If a product can help you evaluate third-party IT risk, it’s not a huge stretch to imagine that same product could help you assess the security risk of your subsidiaries. But many of the chief information security officers (CISOs) we talk to who have tried to apply a security ratings service to the challenge of monitoring their subsidiaries’ security tell us this approach really hasn’t worked for them. Here’s why:
There’s a big difference in your level of responsibility for a subsidiary owned by your parent company and a third-party you are considering doing business with.
Network connections with either can introduce your organization to risk, of course, but you can’t just walk away from the security issues of your subsidiaries the way you can from an independent vendor. Ultimately your organization has the responsibility for addressing the IT risks in your subsidiaries. Thus, you’re not just looking to score the level of risk at your subsidiaries, you are looking to remediate and manage issues.
Deep security expertise must be built into your subsidiary risk management approach.

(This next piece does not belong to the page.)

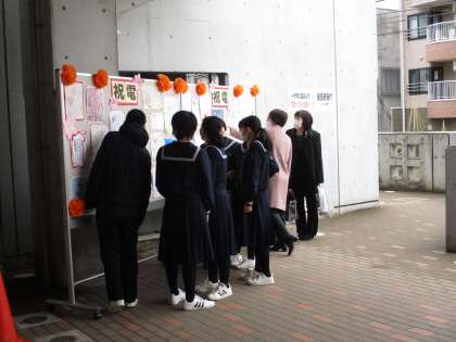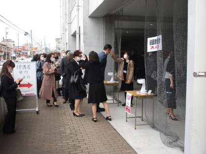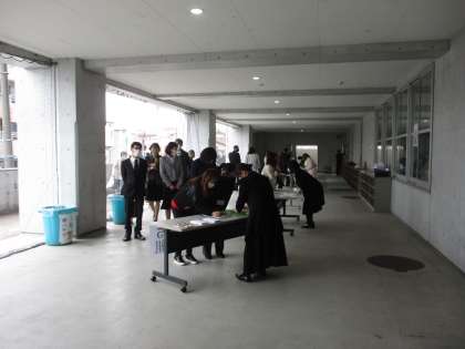感染症対策をしながらの受付となっています。来校された保護者の皆様には、いろいろなご協力をありがとうございます。保護者受付近くにお祝いメッセージを掲示させていただきました。

Expertise that helps you prioritize the many exposures identified and guides subsidiary teams to quickly remediate those exposures. The lack of useful remediation guidance in security ratings products is perhaps the biggest complaint we hear from CISOs who have tried unsuccessfully to use a security ratings service to manage their subsidiary or corporate risk and are now looking for a better way to do it. A product that is built for managing subsidiary risk should be able to identify:
- which attack surface assets in the subsidiary are most critical to protect
- which assets will be most desirable to attackers
- which paths into the attack surface attackers are most likely to exploit
- precisely how and where subsidiary security teams can remediate any identified attack vectors
Many corporate IT security teams oversee subsidiary risk but do not have hands-on engagement. CISOs tell us that they prefer being able to identify the highest priority risks at their subsidiaries and then offer the subsidiary security teams detailed remediation guidance about how and where to eliminate those risks. That increases the effectiveness and efficiency of all their security teams and improves their overall security.
Managing subsidiary risk is a matter of both scale and frequency.
Many organizations grow by acquisition, so their attack surfaces are ever expanding, which presents additional overload for already over-burdened and finite corporate security teams. A product that is purpose-built for managing subsidiaries should include efficiencies that scale, with a process that works for one subsidiary — or a thousand.
CISOs want an overall view of their security posture as an organization/conglomerate, as well as the detailed risk view of each subsidiary and the ability to track and report on the same. And monitoring subsidiary risk has to be an ongoing process that can easily absorb oversight of new subsidiaries and the ever-changing attack surfaces of each of them without substantial additional overhead.